3. How does the validation MSE and difference between training and validation change when only 1% of the rows are used? Provide values.

*YOUR ANSWERS HERE*
1. The validation mse using all of the data is 10.29, with a difference of 2.31 between the training and validation mse. The difference between the MSE is small which indicates that model is accurately predicting unseen data.
2. When only two columns are used the validation MSE increases substantially. The difference between the training MSE (53.6) and validation MSE (46.4) is 7.19 which is higher than the full set. Using only 2 columns likely results in a less
complex model due reduced data. 
3. When the small data sets are used the validation MSE increases substantially, but the training MSE decreases to 0. The difference between the training MSE (0) and validation accuracy (69.97) is 69.97 which is higher than both other scenarios. This indicates overfitting.


## 4. Observations/Interpretation

Describe any pattern you see in the results. Relate your findings to what we discussed during lectures. Include data to justify your findings.

Across both the classification and regression data sets:
1. We see that when using the full data sets the training and validation metrics both indicate a good fit of the data. The validation accuracy(0.917) and training accuracy(0.935) were both close and high, indication a good model fit (appropriate complexity, low bias and variance) while in the regression the MSE's were low and close together. The model is not overfitting or underfitting the data.

2. In the second scenario when we reduce the number of features to 2 the training accuracy (0.609) and validation accuracy (0.613) were both low, and the training MSE (53.6) and validation MSE (46.4) are both very high and have a large difference. This is likely due
to the reduced data and complexity of the model since there are only 2 features. Likely the model is underfitting the data leading to high bias and low variance as the model is making consistent innaccurate predictions.
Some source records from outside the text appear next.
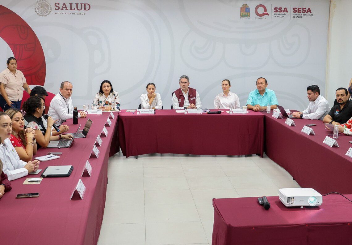 La reunión se desarrolló en la Biblioteca del Hospital General “Jesús Kumate Rodríguez” de la ciudad de Cancún, a la que también asistieron los alcaldes: de Lázaro Cárdenas, Nivardo Mena,; de Isla Mujeres Atenea Gómez Ricalde; y de Benito Juárez, Ana Patricia Peralta de la Peña , asi como los directores de salud de los municipios antes mencionados.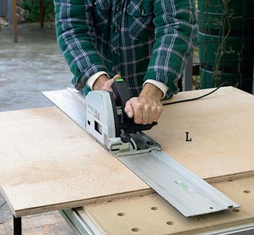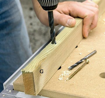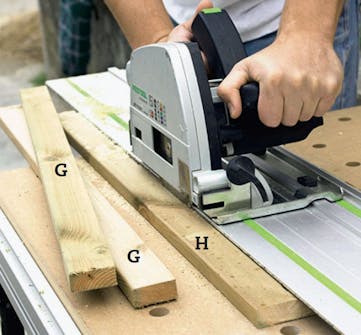 Sag til spildrene (H), og del et bord for hvert fag med gjerde slik at du får to smale monteringslister (G). Bordet deles med ei sirkelsag og ei føringsskinne eller et rett bord.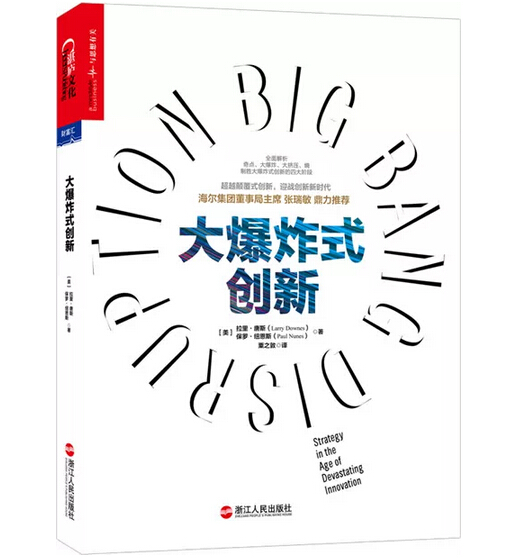 在《大爆炸式创新》中,拉里·唐斯和保罗·纽恩斯分析了大爆炸式颠覆的起源,探讨了其中蕴含的经济学原理,并且对大爆炸式颠覆进行了一番剖析。他们认为创新的新生命周期由奇点、大爆炸、大挤压、熵四个重要的阶段组成,这个理论将有助你及时发现潜在的颠覆。而且他们提出了12大规则,将帮助你保护自己的市场,自主推出颠覆,并且及时退出战场。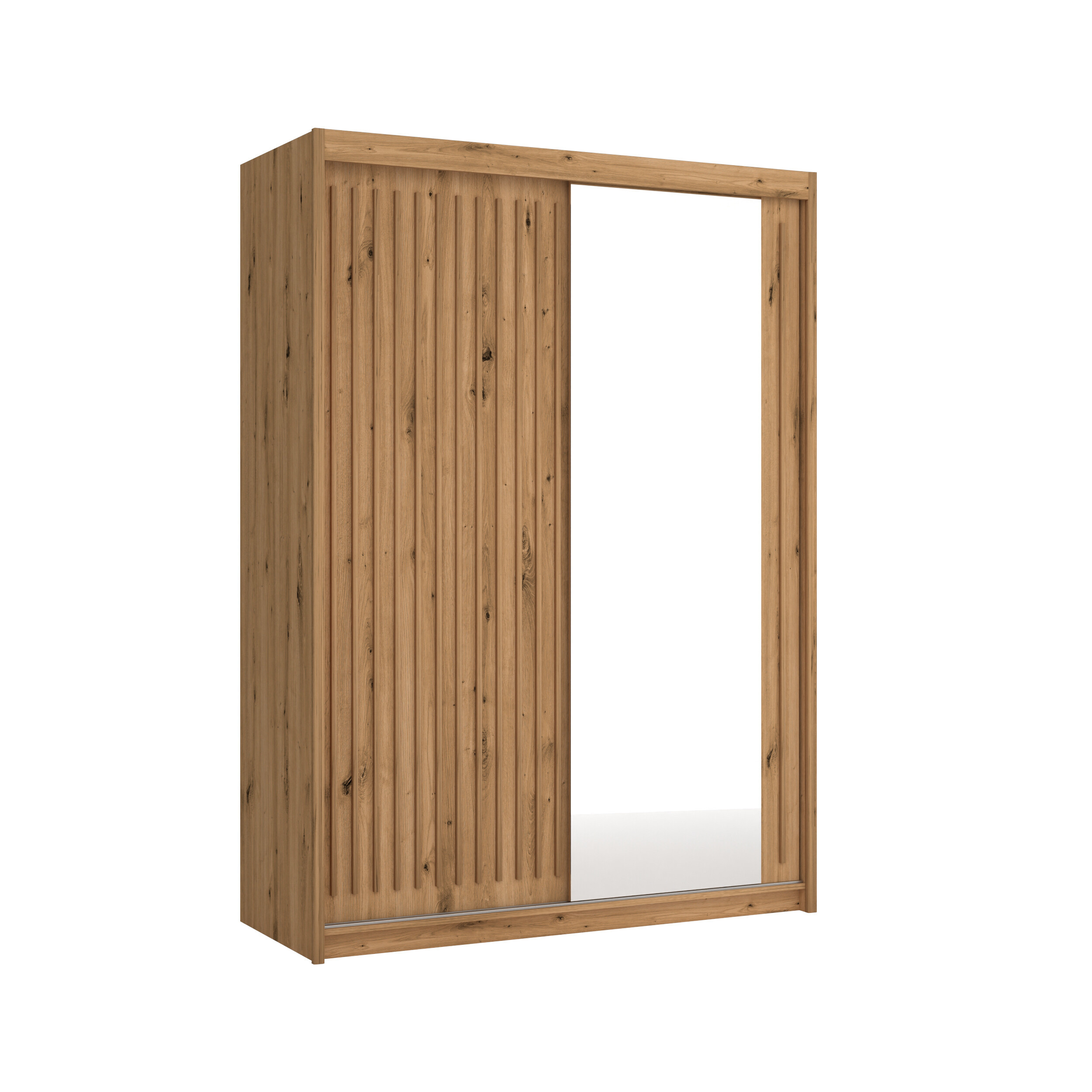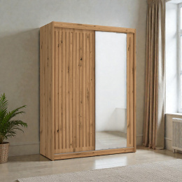 Hledáte dokonalou souhru moderního designu a praktického využití? Tato šatní skříň s dekorativními lamelami a velkým zrcadlem přináší do vašeho domova aktuální interiérové trendy. Díky široké škále barev a třem dostupným šířkám, se tato skříň přizpůsobí každé ložnici, šatně či předsíni.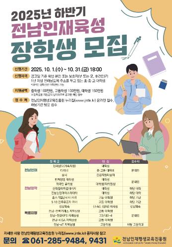 [뉴스스텝] 전라남도와 전남인재평생교육진흥원은 실질적인 교육기회 보장과 미래인재로의 성장, 지역 정착을 지원하기 위한 2025년 하반기 전남인재육성 장학생을 오는 31일까지 모집한다.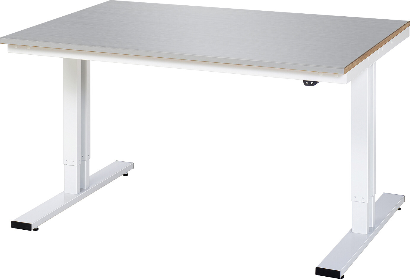 Werktisch Serie adlatus 300 B1500 x T1000 x H720-1120 mm Platte mit Edelstahlblechbelag 25 mm. Elektrische Verstellung mittels den 2 Doppelhubsäulen durch integrierten Linearantrieb. Pulverbeschichtung Flächenlast max. 300 kg Lieferung komplett montiert Qualitätsgarantie 5 Jahre Made in Germany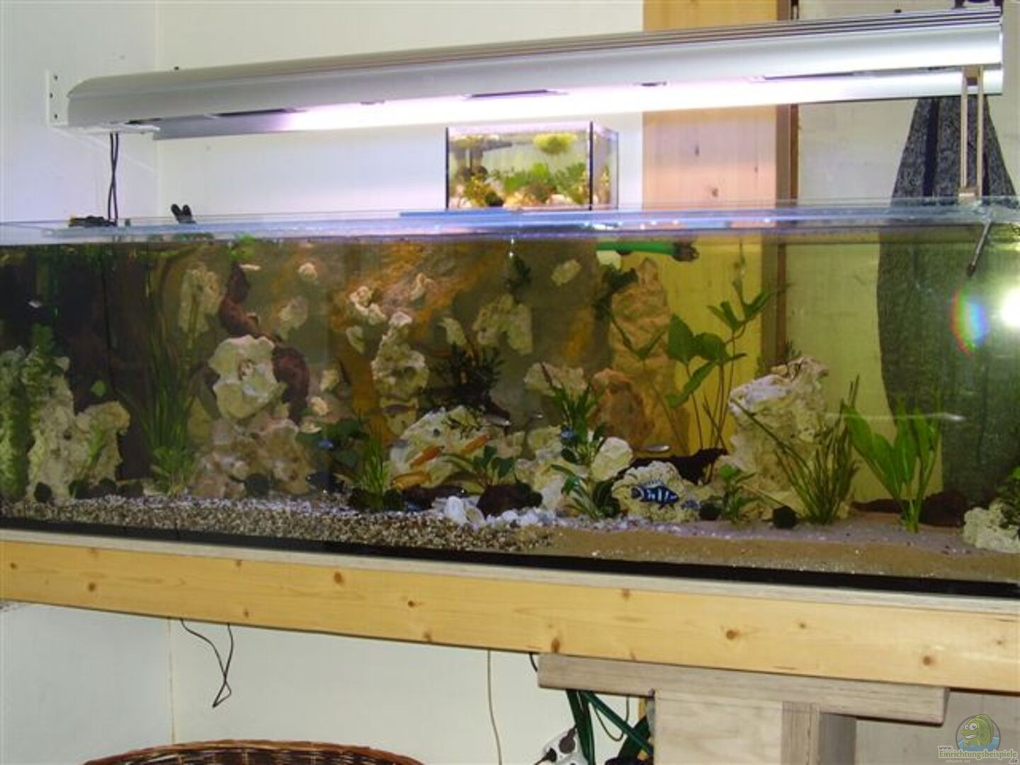 Hier kommt ein : *** AfrikaGesellschaftsBecken *** Weisglas Becken Es sieht alles viel klarer aus, durch das Weisglas. Becken oben offen, ohne Abdeckung. 13mm Sto??verklebt. Unterbau selber gemacht. 2 Dicke Leimbinder links in die Wand eingelassen. Rechts nur eine Auflage aus ca 5cm dicken Leinbinderplatten. Auf den Leimbindern liegt eine 2, 1cm dicke Leimbinderplatte, worauf noch 6mm Schaumstoffunterlage liegen um das Becken optimal aufliegen zu lassen. Die rechte Seite [...]

3. In the third scenario we only use 1% of the data. The training accuracy (0.94) and validation accuracy (0.75) had a large difference between the training and validation accuracies. The training MSE (0) and validation MSE (69.98) also had a very large difference.  In both scenarios the model was likely overfitting the data since there was not enough data. This would indicate that the model is overfitting the training data, resulting in high variance and low bias which is caused when a model is too complex for the amount of data.




## 5. Reflection
Include a sentence or two about:
- what you liked or disliked,
- found interesting, confusing, challangeing, motivating
while working on this assignment.

It was interesting to get to see appropriately fitted data, underfit data, and overfit data just by manipulating the amount of data or features. We have learned the theory of this in class but seeing the three fits side by side is a great way to learn
how the data causes good or poor models.